**WHAT YOU HAVE TO DO:**
Exact retyping of the data: please keep every word and drop each picture.

**DATASET RECORDS:**
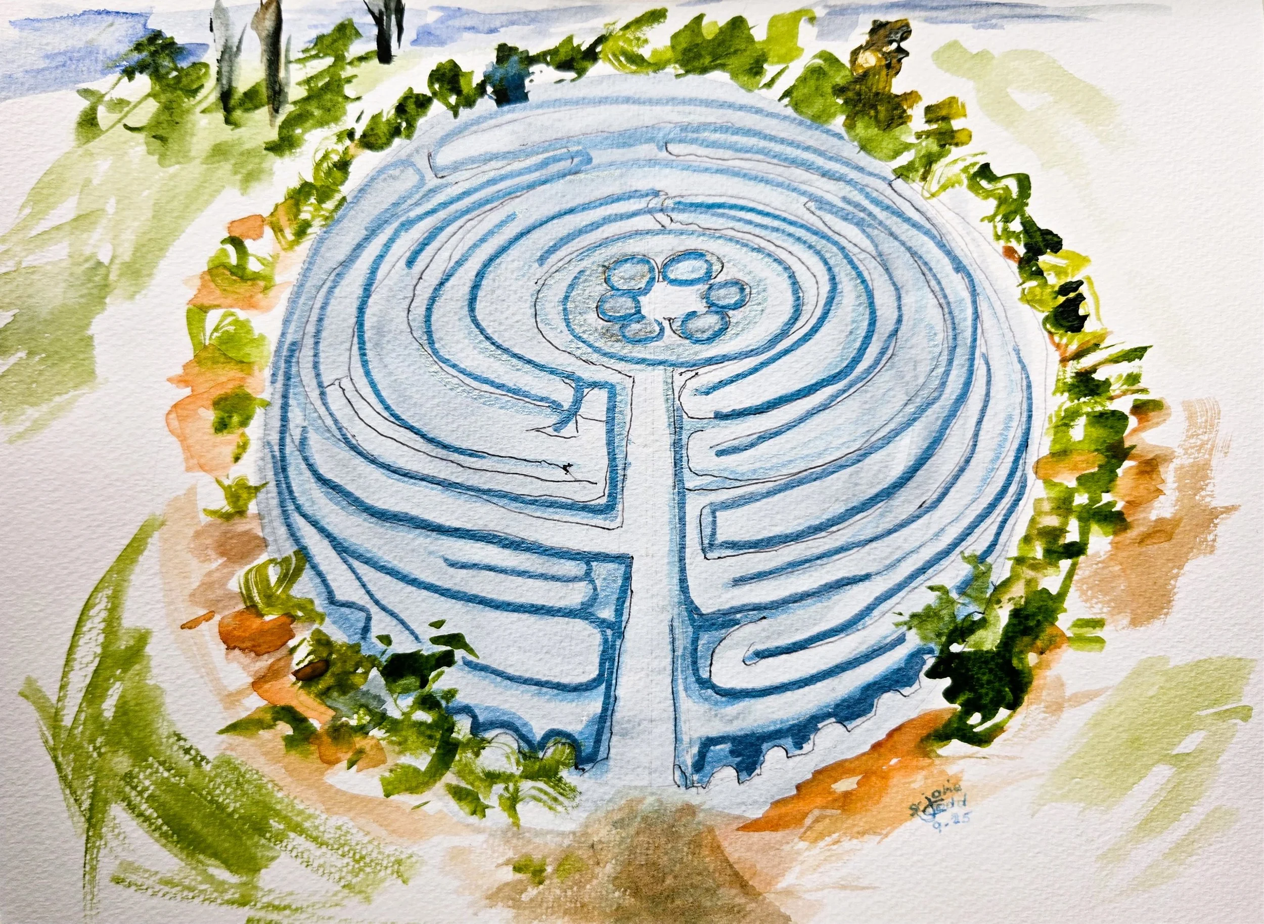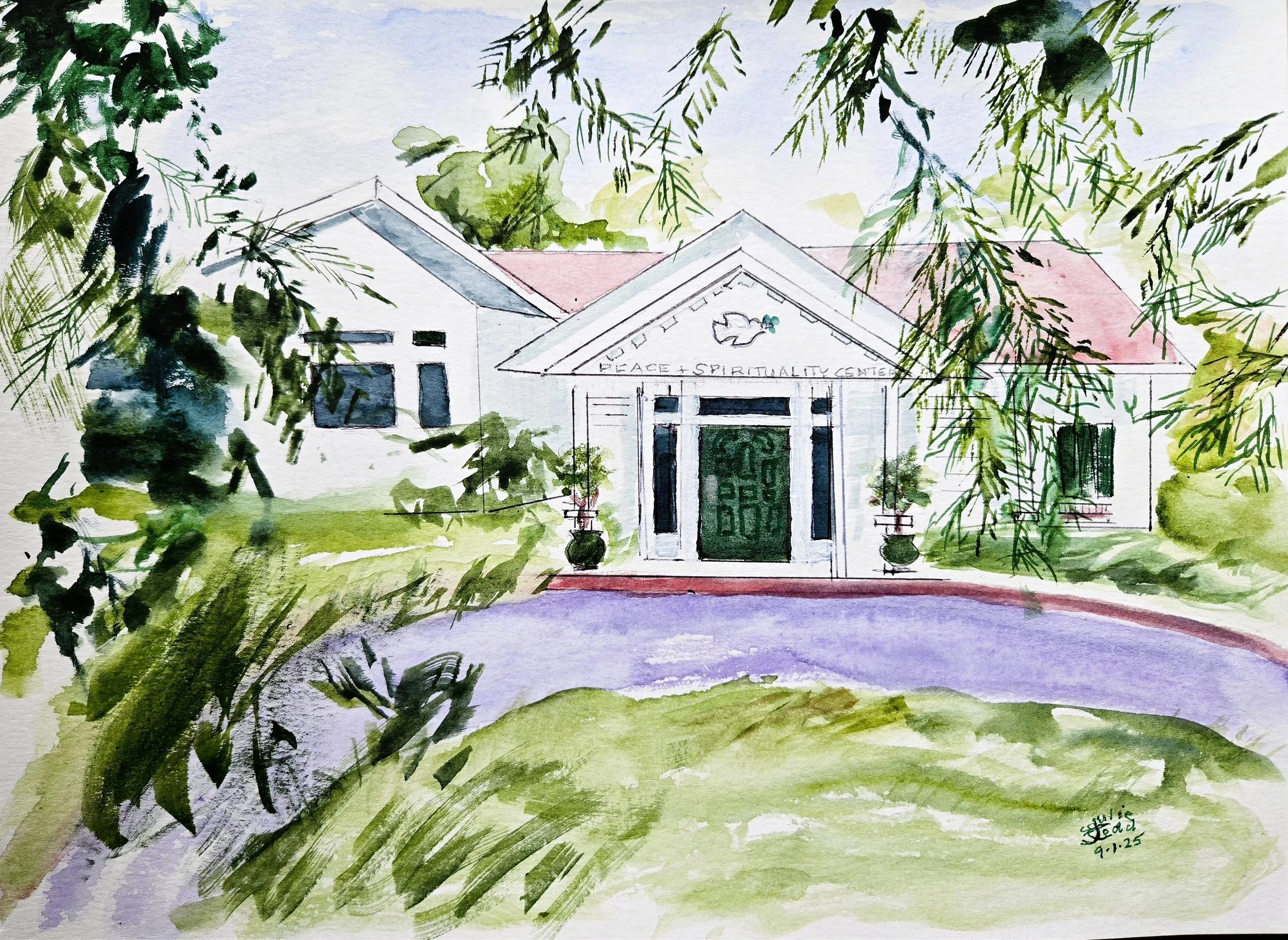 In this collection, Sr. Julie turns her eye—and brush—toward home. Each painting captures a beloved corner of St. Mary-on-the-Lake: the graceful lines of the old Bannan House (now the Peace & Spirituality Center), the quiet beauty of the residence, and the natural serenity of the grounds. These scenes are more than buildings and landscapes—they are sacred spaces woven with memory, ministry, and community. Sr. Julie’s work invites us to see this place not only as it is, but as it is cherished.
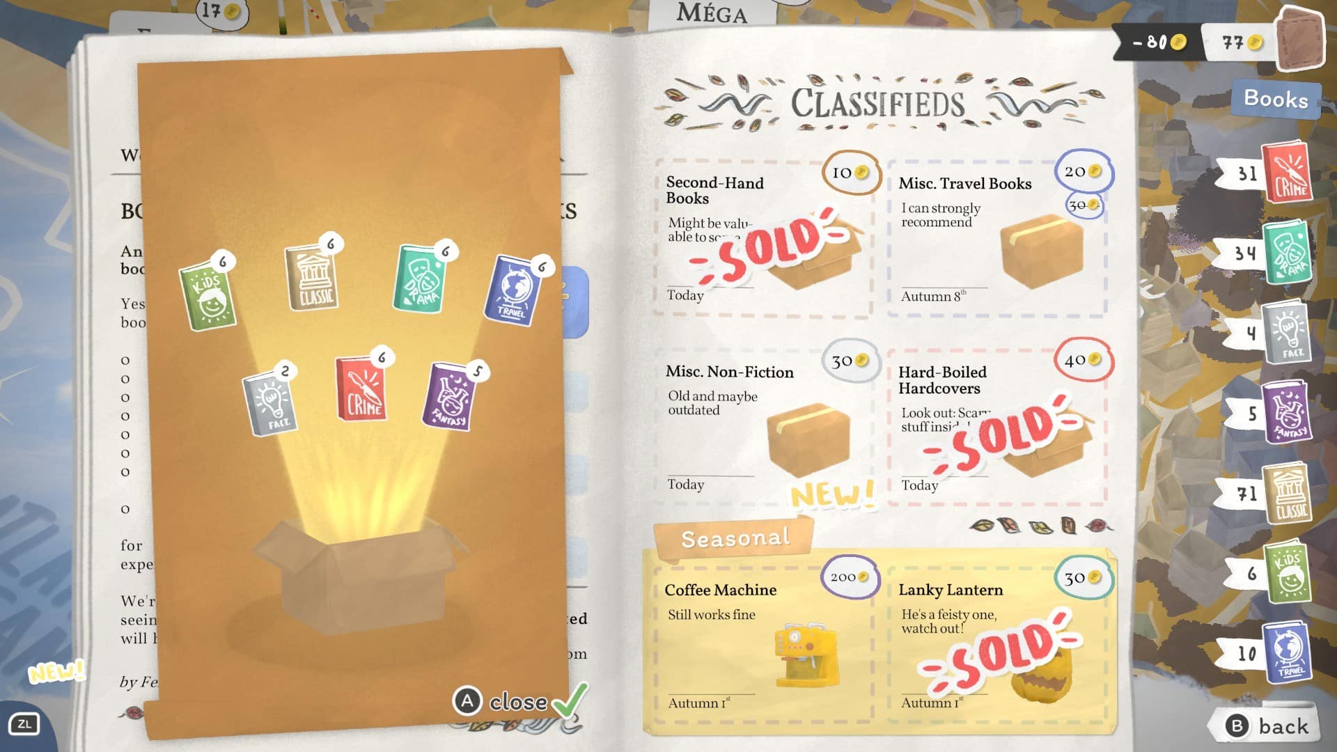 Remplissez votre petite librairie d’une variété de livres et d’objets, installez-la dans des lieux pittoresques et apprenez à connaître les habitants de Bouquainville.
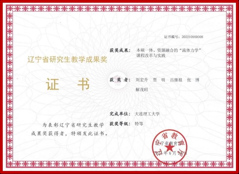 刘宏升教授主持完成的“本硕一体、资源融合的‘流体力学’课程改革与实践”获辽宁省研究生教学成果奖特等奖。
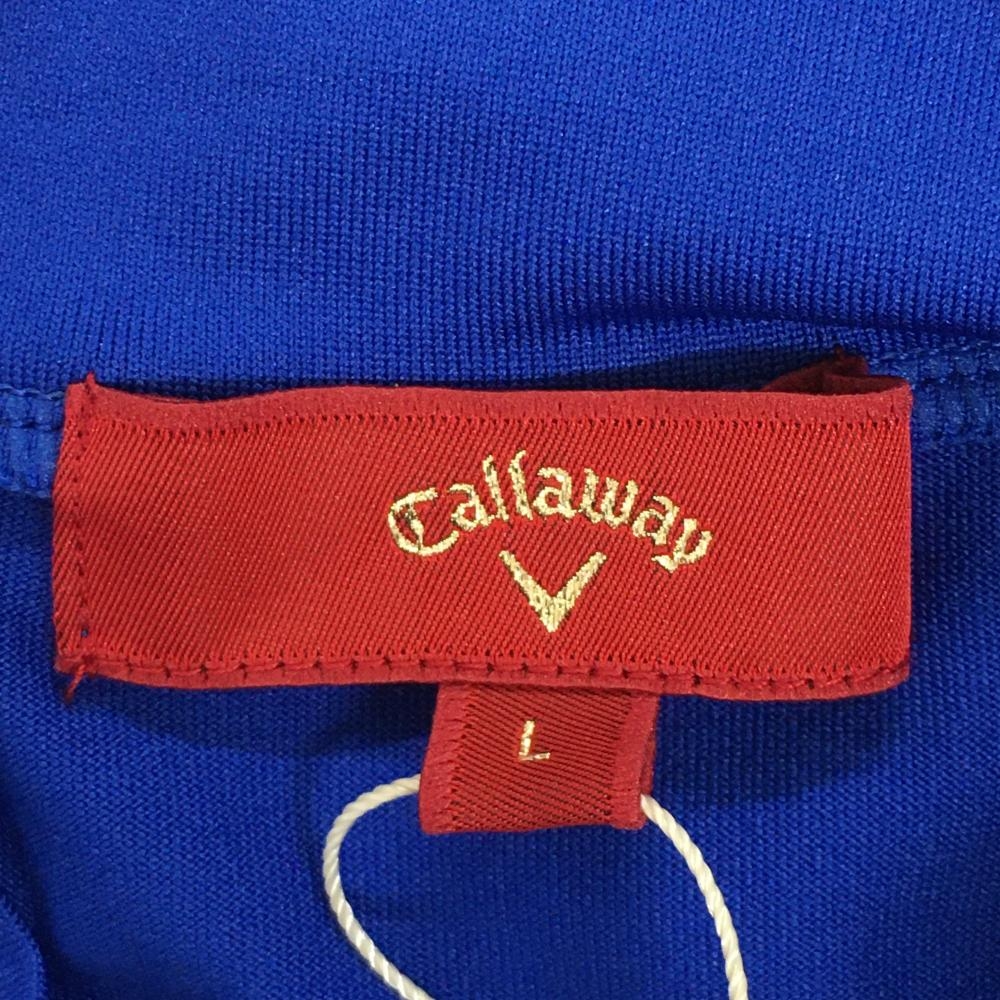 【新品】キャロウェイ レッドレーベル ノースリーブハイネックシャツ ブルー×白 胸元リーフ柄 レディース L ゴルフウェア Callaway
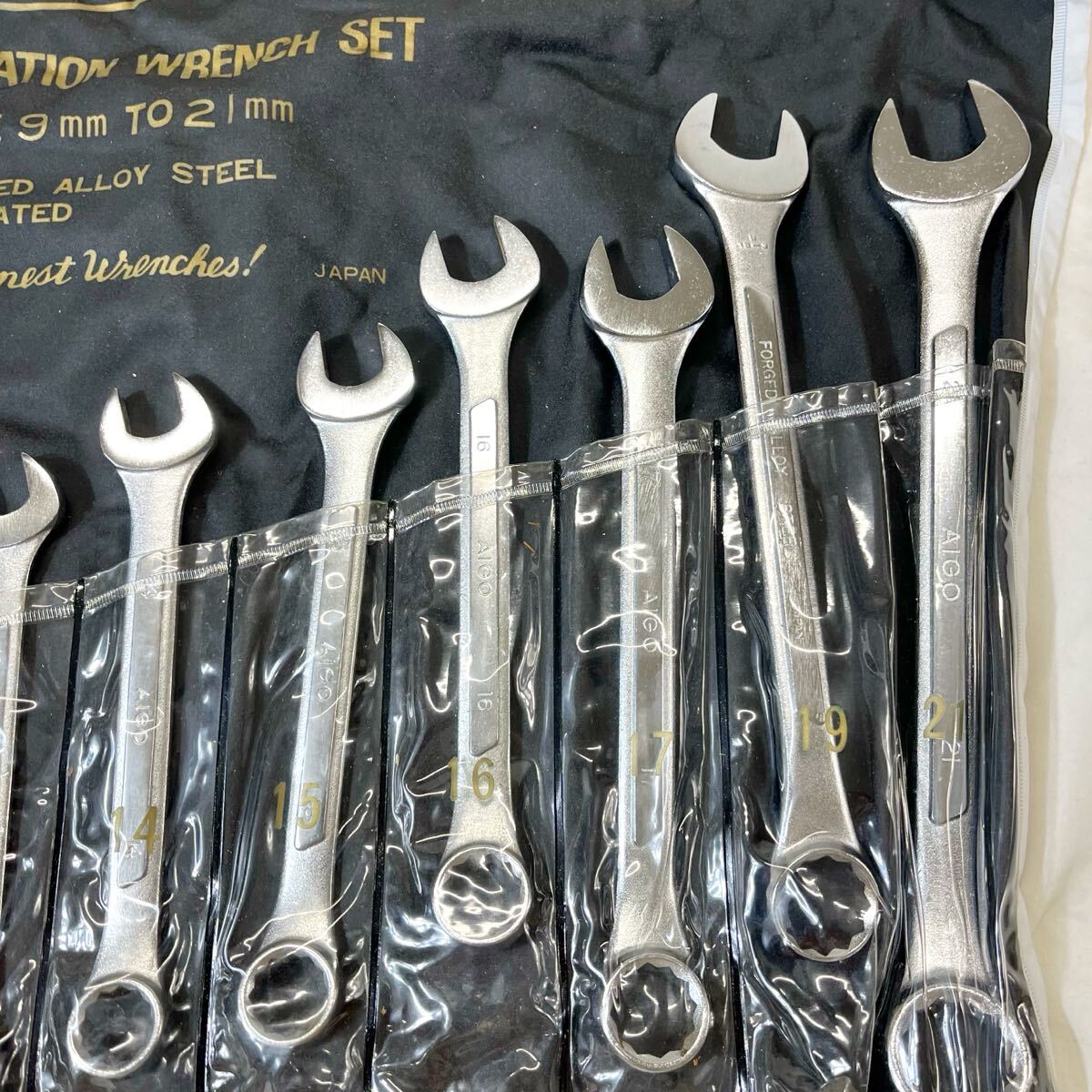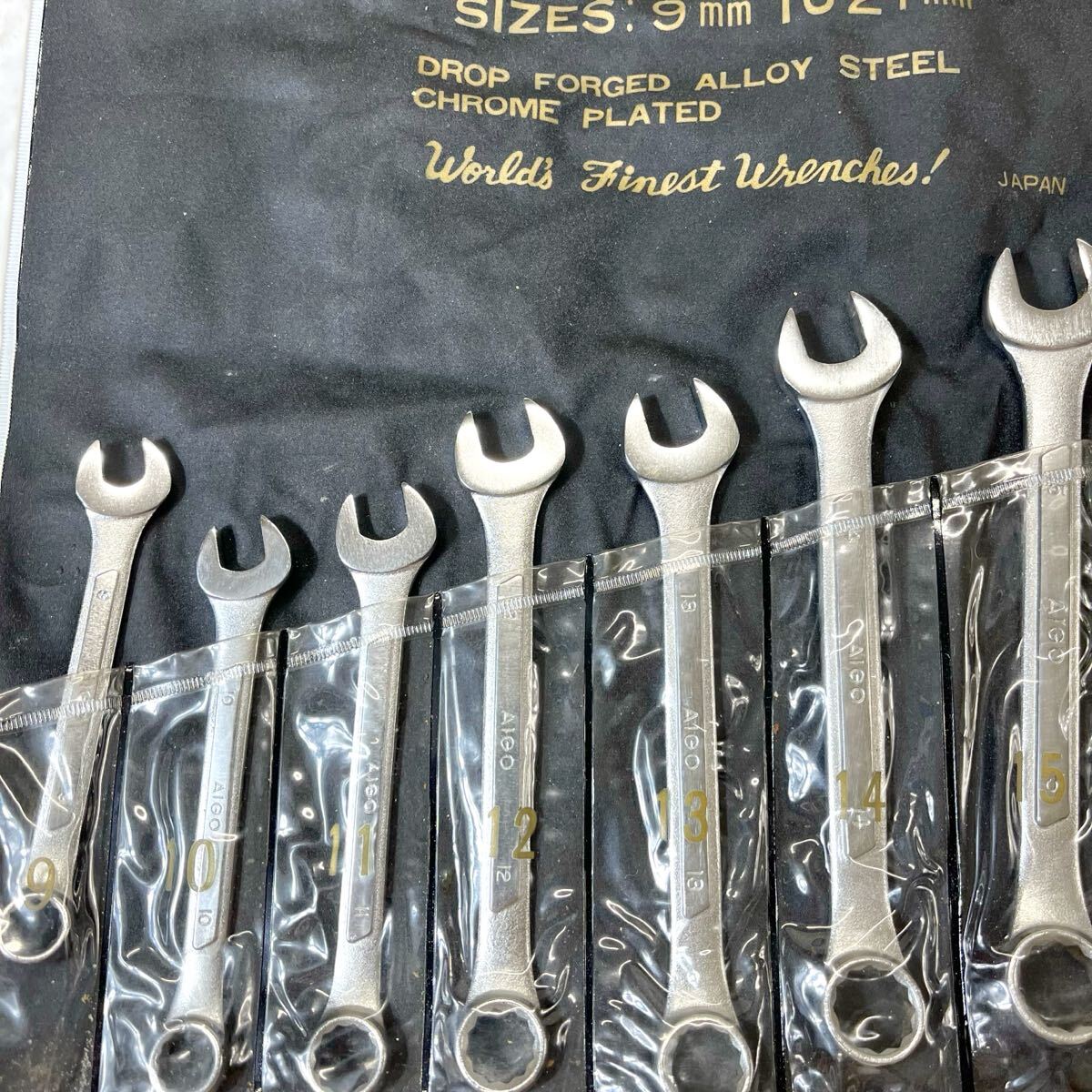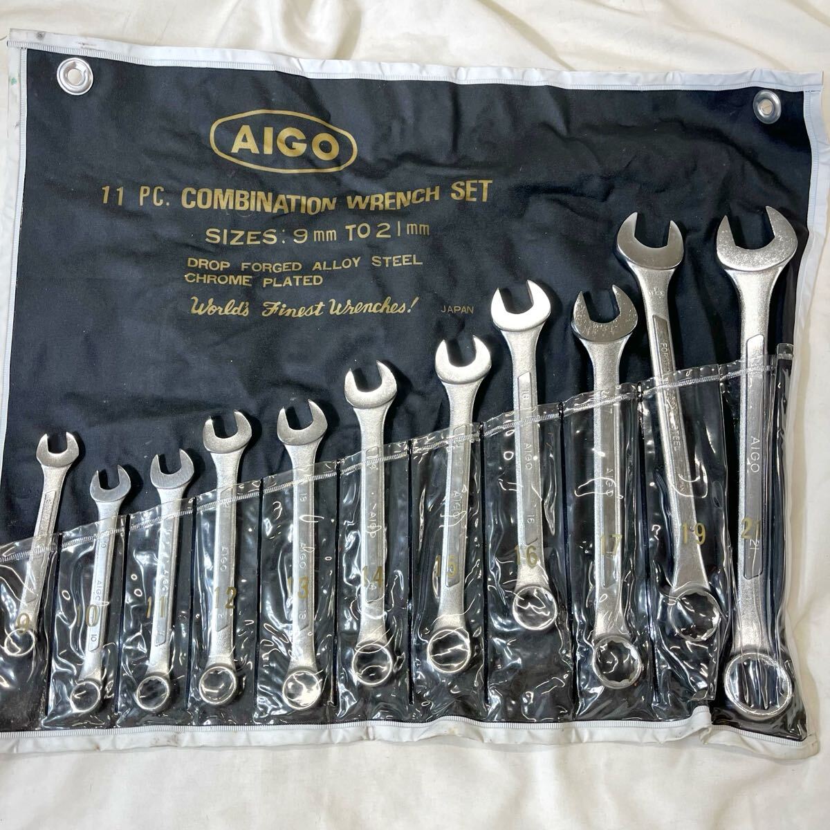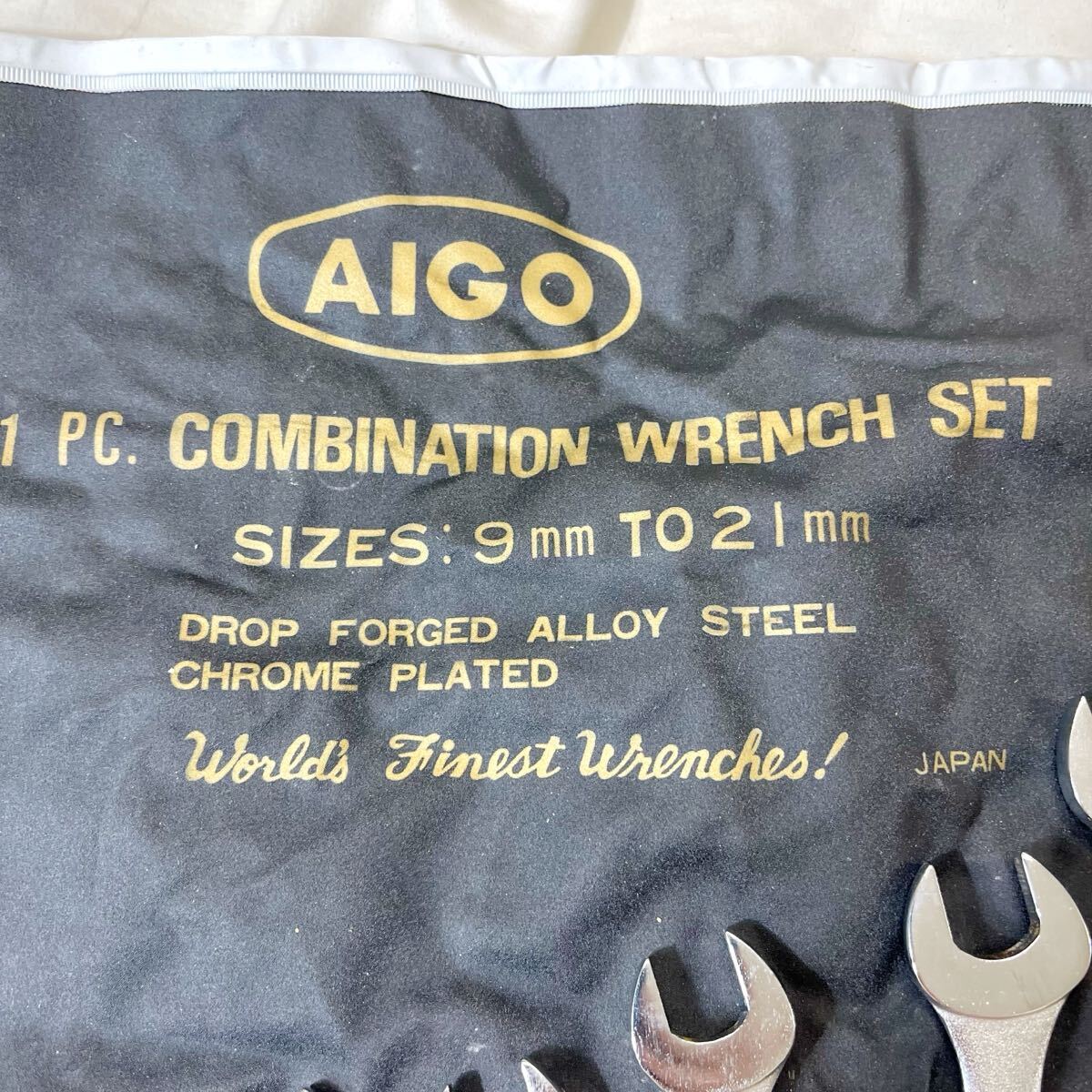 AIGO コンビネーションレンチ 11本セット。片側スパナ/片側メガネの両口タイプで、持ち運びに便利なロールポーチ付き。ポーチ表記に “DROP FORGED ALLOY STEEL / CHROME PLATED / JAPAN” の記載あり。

**SOLUTION TO THE EXERCISE:**
 In this collection, Sr. Julie turns her eye—and brush—toward home. Each painting captures a beloved corner of St. Mary-on-the-Lake: the graceful lines of the old Bannan House (now the Peace & Spirituality Center), the quiet beauty of the residence, and the natural serenity of the grounds. These scenes are more than buildings and landscapes—they are sacred spaces woven with memory, ministry, and community. Sr. Julie’s work invites us to see this place not only as it is, but as it is cherished.
 Remplissez votre petite librairie d’une variété de livres et d’objets, installez-la dans des lieux pittoresques et apprenez à connaître les habitants de Bouquainville.
 刘宏升教授主持完成的“本硕一体、资源融合的‘流体力学’课程改革与实践”获辽宁省研究生教学成果奖特等奖。
 【新品】キャロウェイ レッドレーベル ノースリーブハイネックシャツ ブルー×白 胸元リーフ柄 レディース L ゴルフウェア Callaway
 AIGO コンビネーションレンチ 11本セット。片側スパナ/片側メガネの両口タイプで、持ち運びに便利なロールポーチ付き。ポーチ表記に “DROP FORGED ALLOY STEEL / CHROME PLATED / JAPAN” の記載あり。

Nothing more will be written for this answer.